Payments company Ramp, which tracks spending across roughly 70,000 companies, reported that business adoption of AI tools slowed in August. Ramp’s latest data shows 56% of its customers paid for AI products in August, an increase of just 0.4 percentage points from July.
Past patterns and possible explanations
This is not the first time Ramp’s metrics have indicated a slowdown: the company’s AI index showed little to no adoption growth between August and October last year, before picking up again later in the year. The August data may partly reflect seasonality, since many firms and employees take vacations during the month.
Why the slowdown matters
Large investments in AI infrastructure by frontier labs and hyperscalers rest on expectations of substantial revenue to justify those costs. Usage has grown rapidly so far—especially as software engineers adopted agentic coding tools—but if adoption eases, associated revenue growth could also slow.
Ramp’s sample and broader measures
Ramp’s clientele is skewed toward tech-active businesses, so its 56% figure probably overstates overall market adoption. For comparison, a US Census Bureau ongoing survey of AI adoption, updated on August 23, shows only 22% of businesses reporting AI use. Nevertheless, Ramp’s dataset is one of the few direct spending indicators available and may act as a leading signal.
Token costs, price cuts and the top 1%
Ara Kharazian, an economist at Ramp, highlighted a notable warning: AI spending per employee among the top 1% of firms in Ramp’s sample fell nearly 10%, to $7,205. That drop could reflect vacation-related lower activity, but it also aligns with falling token costs. After price cuts from OpenAI and Anthropic, average token costs have dropped to $0.68 per million tokens, compared with a 2026 peak of $1.15 per million tokens in March.
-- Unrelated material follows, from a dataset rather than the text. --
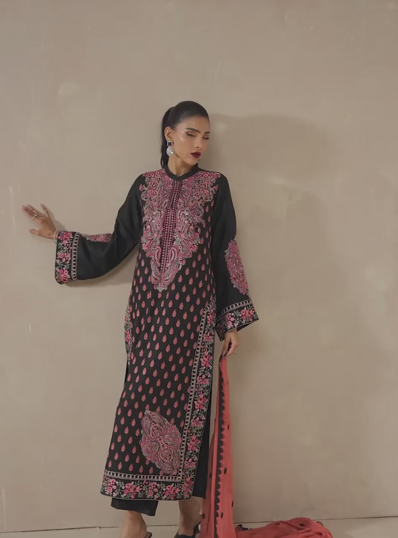 Command attention with Imperial Rose, the crown jewel of our Eid Pret series. This article features an intensive display of craftsmanship, with every inch of the neckline and border telling a story of floral elegance on raw Silk. The structured embroidery provides a slimming silhouette while the rich color palette ensures you glow under the festive lights. Paired with coordinating Silk pants and a delicately detailed dupatta, it is the perfect choice for a sophisticated Eid night.

Ramp’s data suggest labs have not yet offset those price cuts with higher usage. Many customers are choosing older, cheaper models—such as OpenAI’s ChatGPT 5.6-Terra and Anthropic’s Sonnet—rather than the newest frontier releases. Employees at frontier labs have said much of a new model’s training cost is recovered in the first weeks after release, so slower adoption could disrupt that recovery dynamic.
Model-serving platforms remain a small but growing share
Despite talk that open-weight models could threaten frontier labs, only 6.4% of AI-spending businesses used model-serving or inference platforms in August. That share is steadily rising but not yet large enough to drive broad business adoption dynamics.
Kharazian’s takeaway
“We are showing that competition between OpenAI and Anthropic is making AI more accessible, and also driving the price down for companies—and not just driving the price down, but driving spend down at the top 1% of companies that previously the market was expecting to drive much of the growth going forward,” Ara Kharazian said.
For model-builders and hyperscalers with large hardware commitments, the August dip could be alarming if it signals a longer-term slowdown. But as Kharazian noted, the impact depends on your position in the market: for companies already using AI, lower prices and wider accessibility are beneficial, while for those relying on high early spending to recoup heavy infrastructure costs, the trend could be problematic.
Conclusion
Ramp’s August spending data point to a pause in AI spending growth, which may be partly seasonal. Still, the decline in token prices and reduced spending among the top-spending firms could have meaningful implications for revenue expectations at frontier labs and hyperscalers if the trend persists.